Project Period: December 2017 - Ongoing

Organisations: Imperial College London, GNS Science, Unviersity of Southampton and Cardiff University

Project Funders: Natural Environment Research Council (UK), National Science Foundation (USA), Geophysical Instrument Pool Potsdam (UK) and Environmental Research Institute (UK)

Project Location: Gisborne

Subduction zones are located where one of the Earth's tectonic plates slides beneath another - the boundary between the tectonic plates is called the plate boundary fault. These plate boundary faults are capable of generating the largest earthquakes and tsunamis on Earth, such as the 2011 Tōhuku-oki, Japan and the 2004 Sumatra-Andaman earthquakes.

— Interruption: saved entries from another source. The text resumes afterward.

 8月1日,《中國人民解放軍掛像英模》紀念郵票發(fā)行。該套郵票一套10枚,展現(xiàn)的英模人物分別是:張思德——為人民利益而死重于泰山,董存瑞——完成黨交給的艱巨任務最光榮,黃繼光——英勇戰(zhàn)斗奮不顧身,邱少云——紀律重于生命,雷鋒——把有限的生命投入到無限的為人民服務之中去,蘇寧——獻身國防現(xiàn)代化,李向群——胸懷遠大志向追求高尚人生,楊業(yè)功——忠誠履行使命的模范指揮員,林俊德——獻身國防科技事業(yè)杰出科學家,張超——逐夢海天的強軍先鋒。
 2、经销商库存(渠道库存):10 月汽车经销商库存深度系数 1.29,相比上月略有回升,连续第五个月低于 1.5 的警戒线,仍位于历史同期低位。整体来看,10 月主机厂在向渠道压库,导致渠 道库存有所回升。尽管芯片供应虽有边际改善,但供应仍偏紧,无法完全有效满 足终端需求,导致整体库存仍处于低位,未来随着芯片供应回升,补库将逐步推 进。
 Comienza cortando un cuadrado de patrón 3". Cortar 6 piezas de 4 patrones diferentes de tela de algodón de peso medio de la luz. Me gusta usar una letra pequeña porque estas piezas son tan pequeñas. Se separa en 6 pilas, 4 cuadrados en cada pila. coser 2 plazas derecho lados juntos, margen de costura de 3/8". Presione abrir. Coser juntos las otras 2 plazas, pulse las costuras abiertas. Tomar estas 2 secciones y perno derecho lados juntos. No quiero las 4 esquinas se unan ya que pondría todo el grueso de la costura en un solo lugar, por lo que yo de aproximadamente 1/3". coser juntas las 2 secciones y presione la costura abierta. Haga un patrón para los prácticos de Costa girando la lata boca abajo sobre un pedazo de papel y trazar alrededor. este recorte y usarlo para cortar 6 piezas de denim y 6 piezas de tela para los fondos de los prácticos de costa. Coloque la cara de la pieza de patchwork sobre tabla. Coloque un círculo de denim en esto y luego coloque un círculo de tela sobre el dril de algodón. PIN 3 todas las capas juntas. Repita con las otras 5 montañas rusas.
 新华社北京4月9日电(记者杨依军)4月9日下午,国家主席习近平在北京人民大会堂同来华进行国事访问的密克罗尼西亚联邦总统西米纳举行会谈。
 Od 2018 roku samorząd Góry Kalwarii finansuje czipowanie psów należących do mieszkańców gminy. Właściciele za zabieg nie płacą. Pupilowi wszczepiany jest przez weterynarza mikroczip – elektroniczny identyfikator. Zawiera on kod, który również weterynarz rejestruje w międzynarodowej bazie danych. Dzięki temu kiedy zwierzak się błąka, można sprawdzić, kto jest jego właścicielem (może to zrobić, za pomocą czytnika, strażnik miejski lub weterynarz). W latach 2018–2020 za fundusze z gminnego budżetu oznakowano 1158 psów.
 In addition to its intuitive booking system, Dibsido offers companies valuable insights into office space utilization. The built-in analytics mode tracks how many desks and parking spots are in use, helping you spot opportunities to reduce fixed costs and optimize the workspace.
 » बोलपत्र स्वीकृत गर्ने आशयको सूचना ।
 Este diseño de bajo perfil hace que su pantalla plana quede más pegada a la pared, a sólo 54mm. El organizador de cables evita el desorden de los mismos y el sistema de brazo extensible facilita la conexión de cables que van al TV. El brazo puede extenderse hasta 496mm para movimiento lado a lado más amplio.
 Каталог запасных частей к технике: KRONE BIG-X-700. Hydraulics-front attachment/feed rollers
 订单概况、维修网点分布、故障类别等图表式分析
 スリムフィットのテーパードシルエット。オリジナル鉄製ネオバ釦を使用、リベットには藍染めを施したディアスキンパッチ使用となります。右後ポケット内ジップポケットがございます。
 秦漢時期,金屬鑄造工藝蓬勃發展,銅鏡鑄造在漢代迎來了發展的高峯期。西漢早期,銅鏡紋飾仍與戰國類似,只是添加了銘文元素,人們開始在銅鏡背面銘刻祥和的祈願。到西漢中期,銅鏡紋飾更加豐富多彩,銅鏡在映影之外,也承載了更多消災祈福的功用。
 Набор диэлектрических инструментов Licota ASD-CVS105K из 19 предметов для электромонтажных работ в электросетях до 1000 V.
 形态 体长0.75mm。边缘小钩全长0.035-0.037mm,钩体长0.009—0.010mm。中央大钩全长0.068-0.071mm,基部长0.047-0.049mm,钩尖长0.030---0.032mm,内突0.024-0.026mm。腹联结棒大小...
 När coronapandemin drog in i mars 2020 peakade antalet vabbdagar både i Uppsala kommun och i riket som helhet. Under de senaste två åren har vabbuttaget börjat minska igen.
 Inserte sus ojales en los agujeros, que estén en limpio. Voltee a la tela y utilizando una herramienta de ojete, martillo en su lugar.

In the last 15 years a completely new type of seismic phenomenon has been discovered at subduction zones: silent earthquakes or slow slip events. These are events that release as much energy as a magnitude 6 to 7 earthquake, but do so over several weeks or even months and there is no ground-shaking at all.

Slow slip events may have the potential to trigger highly destructive earthquakes and tsunamis on nearby parts of the plate boundary fault, but whether this is possible and why slow slip events occur at all are two of the most important questions in earthquake seismology today.

This research project - NZ3D FWI - involves over 20 scientists across UK Universities as well as scientists from New Zealand. These scientists from from December 2017 to March 2018 scientists will install over 200 seismometers in New Zealand to detect earthquakes and also to listen for sound waves produced by a ship 90 km away from the Gisborne coast.

The sound waves will travel through the plate boundary fault and the time and strength of the sound waves detected by our seismometers will tell us about the rock properties beneath Gisborne and in the slow slip zone.

Scientists will be applying a cutting-edge method called "3D Full waveform Inversion" (FWI) to produce extremely high resolution models of rock properties to depths of 10 km.

In December 2017 and March 2018 the International Ocean Discovery Program will also be drilling offshore and installing instruments that will examine how the Earth behaves in a slow slip event. The offshore part of NZ3D is being conducted by scientists from the US, UK, New Zealand and Japan.